For cardiopulmonary bypass patients, the dose of 15 mg/kg should be administered as soon as possible after cardiopulmonary bypass procedure or at the conclusion of extracorporeal membrane oxygenation, even if <1 month from previous dose. A 58% decrease in palivizumab serum concentrations has been noted after cardiopulmonary bypass.⁶

Children with comorbidities may be more severely infected with RSV. These patients may develop acute respiratory failure and often require hospital treatment.

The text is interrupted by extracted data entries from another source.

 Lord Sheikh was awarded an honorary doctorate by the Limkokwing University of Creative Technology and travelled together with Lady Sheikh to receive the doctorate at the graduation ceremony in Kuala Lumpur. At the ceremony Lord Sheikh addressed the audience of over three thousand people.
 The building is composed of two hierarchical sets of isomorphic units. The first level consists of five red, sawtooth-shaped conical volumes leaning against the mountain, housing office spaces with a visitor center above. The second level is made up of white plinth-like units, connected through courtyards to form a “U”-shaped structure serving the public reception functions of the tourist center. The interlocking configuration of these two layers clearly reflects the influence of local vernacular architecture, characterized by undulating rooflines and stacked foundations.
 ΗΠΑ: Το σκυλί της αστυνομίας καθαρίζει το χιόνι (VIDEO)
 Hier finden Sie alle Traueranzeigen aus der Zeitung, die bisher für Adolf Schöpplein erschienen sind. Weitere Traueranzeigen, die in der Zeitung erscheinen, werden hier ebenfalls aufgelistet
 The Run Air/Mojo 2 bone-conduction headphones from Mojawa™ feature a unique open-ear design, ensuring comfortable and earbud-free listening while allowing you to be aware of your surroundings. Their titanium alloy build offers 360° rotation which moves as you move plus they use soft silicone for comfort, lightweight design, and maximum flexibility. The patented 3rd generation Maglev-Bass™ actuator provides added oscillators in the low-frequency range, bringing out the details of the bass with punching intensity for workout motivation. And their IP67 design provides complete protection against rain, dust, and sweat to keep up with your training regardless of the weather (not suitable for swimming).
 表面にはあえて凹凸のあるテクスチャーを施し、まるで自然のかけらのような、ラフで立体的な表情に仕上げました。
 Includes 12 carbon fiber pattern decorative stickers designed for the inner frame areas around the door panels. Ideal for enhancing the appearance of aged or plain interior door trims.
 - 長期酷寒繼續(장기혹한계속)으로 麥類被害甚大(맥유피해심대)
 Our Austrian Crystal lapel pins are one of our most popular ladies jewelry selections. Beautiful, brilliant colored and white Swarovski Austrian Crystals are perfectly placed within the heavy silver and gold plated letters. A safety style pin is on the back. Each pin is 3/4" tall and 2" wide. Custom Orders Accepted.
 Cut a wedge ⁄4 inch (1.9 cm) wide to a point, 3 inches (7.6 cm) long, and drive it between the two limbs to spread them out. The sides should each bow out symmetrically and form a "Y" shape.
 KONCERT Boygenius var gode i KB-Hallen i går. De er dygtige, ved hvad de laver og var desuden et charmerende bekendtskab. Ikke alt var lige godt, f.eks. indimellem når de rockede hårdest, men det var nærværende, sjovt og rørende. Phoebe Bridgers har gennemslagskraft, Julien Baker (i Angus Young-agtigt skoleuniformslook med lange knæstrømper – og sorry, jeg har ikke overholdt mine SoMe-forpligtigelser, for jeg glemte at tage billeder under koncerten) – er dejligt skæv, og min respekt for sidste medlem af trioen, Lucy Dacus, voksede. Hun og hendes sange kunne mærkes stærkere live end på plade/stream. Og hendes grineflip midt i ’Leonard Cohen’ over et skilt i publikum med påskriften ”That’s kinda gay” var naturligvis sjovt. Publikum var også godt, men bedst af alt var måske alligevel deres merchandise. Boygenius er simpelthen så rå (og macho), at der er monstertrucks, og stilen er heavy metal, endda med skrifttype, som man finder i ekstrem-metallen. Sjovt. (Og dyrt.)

The serious complications include secondary bacterial pneumonia and otitis media. In this group of patients, the initial infection of the upper respiratory tract often spreads to the lower respiratory tract, causing bronchitis and pneumonia. Treatment of RSV infection, as with other acute respiratory viral diseases, is symptomatic.

References

1. CDC. Respiratory Syncytial Virus Infection (RSV). RSV in Infants and Young Children. Accessed October 20, 2022. https://www.cdc.gov/rsv/high-risk/infants-young-children.html.
2. Cohen JI, Wilson E. Antiviral Chemotherapy, Excluding Antiretroviral Drugs. In: Loscalzo J, Fauci A, Kasper D, Hauser S, Longo D, Jameson J. eds. Harrison's Principles of Internal Medicine, 21e. McGraw Hill; 2022. Accessed October 20, 2022. https://accesspharmacy-m hmedical-com.roosevelt.idm.oclc.org/content.aspx?bookid=3095&sectionid=263965262
3. Alansari K, Toaimah FH, Almatar DH, El Tatawy LA, Davidson BL, Qusad MIM. Monoclonal antibody treatment of RSV bronchiolitis in young infants: a randomized trial. Pediatrics. 2019;143(3):e20182308.
4. Synagis (palivizumab) [prescribing information]. Gaithersburg, MD: MedImmune, LLC; May 2017.
5. Synagis (palivizumab) [product monograph]. St-Laurent, Quebec, Canada: AbbVie Corporation; March 2018.
6. American Academy of Pediatrics (AAP). Committee on Infectious Diseases and Bronchiolitis Guidelines Committee. Updated guidance for palivizumab prophylaxis among infants and young children at increased risk of hospitalization for respiratory syncytial virus infection. Pediatrics. 2014;134(2):415-420. doi: 10.1542/peds.2014-1665.
7. American Academy of Pediatrics (AAP). AAP Publications Reaffirmed. Pediatrics. 2019;144(2). pii: e20191767. doi: 10.1542/peds.2019-1767.